**TASK INSTRUCTIONS**
Could the data below please be reproduced word for word, without the pictures?
──────── DATASET CONTENT ────────
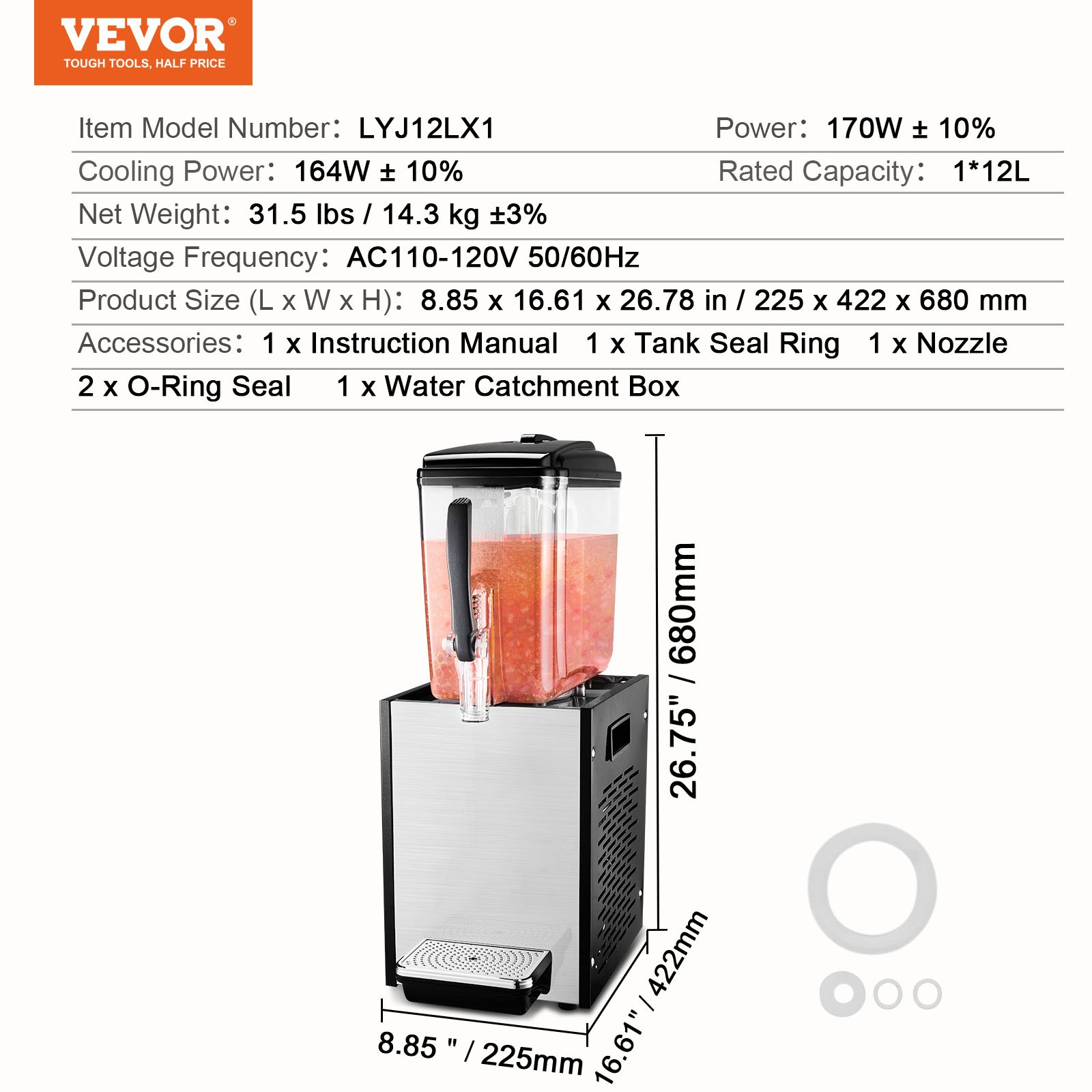 PRODUCT DESCRIPTION VEVOR Commercial Beverage Dispenser 12L Cold Juice Ice Drink Dispenser for Party
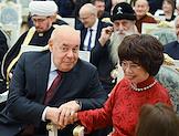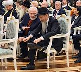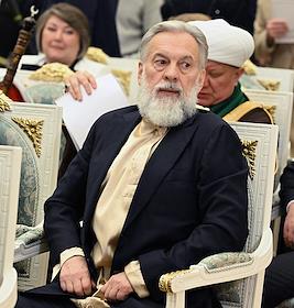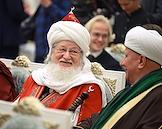 Церемония вручения государственных наград и премии президента России за вклад в укрепление единства российской нации в Екатерининском зале Сенатского дворца Кремля. Председатель Центрального духовного управления мусульман России, верховный муфтий Талгат Таджуддин (слева) и глава Духовного собрания мусульман Российской Федерации, муфтий Альбир Крганов (справа) перед началом церемонии.
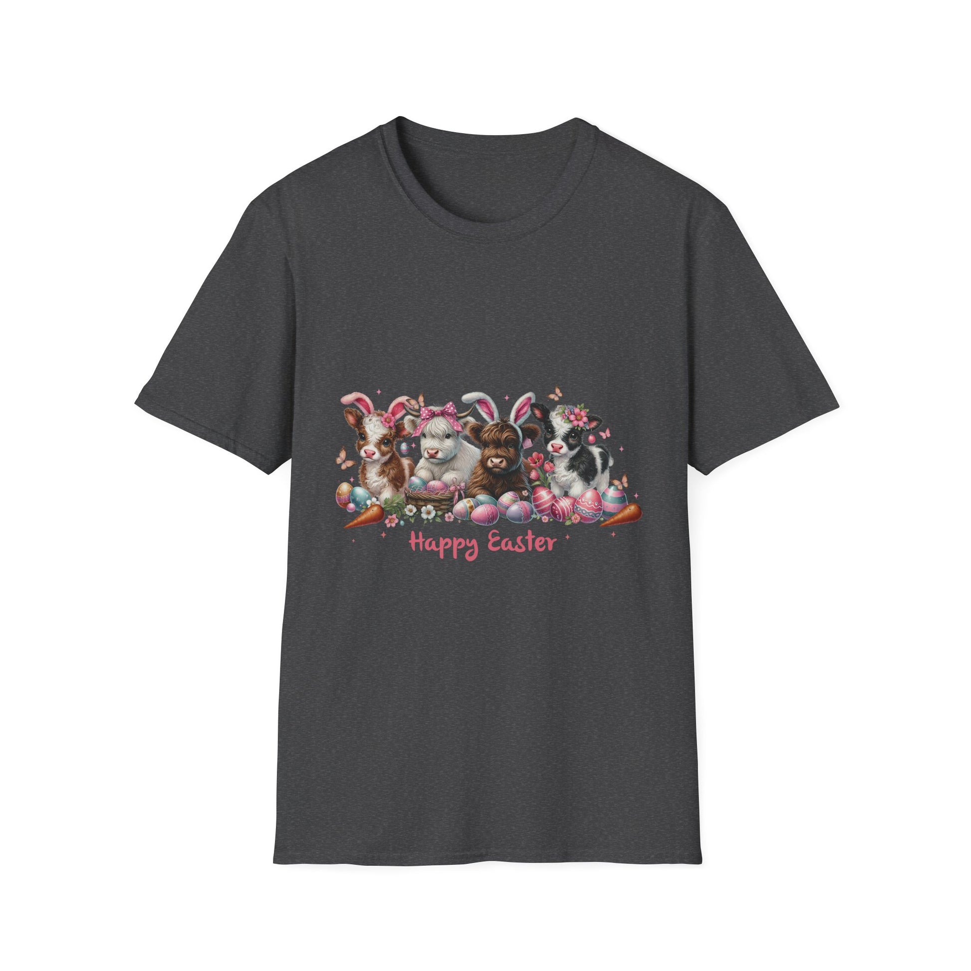 Embrace the joy of the Easter season with this charming Unisex Softstyle T-Shirt. Featuring a delightful design of adorable bunnies and vibrant Easter eggs, this tee radiates a fun and festive vibe. Its lightweight fabric ensures comfort, making it perfect for family gatherings, egg hunts, and casual spring outings. Ideal for anyone who loves to celebrate the holiday, this shirt is perfect for adults wanting to add a touch of whimsy to their wardrobe. Celebrate Easter in style or gift it to friends and family looking for cheerful seasonal attire.
────────
**OUTPUT BELOW**
 PRODUCT DESCRIPTION VEVOR Commercial Beverage Dispenser 12L Cold Juice Ice Drink Dispenser for Party
 Церемония вручения государственных наград и премии президента России за вклад в укрепление единства российской нации в Екатерининском зале Сенатского дворца Кремля. Председатель Центрального духовного управления мусульман России, верховный муфтий Талгат Таджуддин (слева) и глава Духовного собрания мусульман Российской Федерации, муфтий Альбир Крганов (справа) перед началом церемонии.
 Embrace the joy of the Easter season with this charming Unisex Softstyle T-Shirt. Featuring a delightful design of adorable bunnies and vibrant Easter eggs, this tee radiates a fun and festive vibe. Its lightweight fabric ensures comfort, making it perfect for family gatherings, egg hunts, and casual spring outings. Ideal for anyone who loves to celebrate the holiday, this shirt is perfect for adults wanting to add a touch of whimsy to their wardrobe. Celebrate Easter in style or gift it to friends and family looking for cheerful seasonal attire.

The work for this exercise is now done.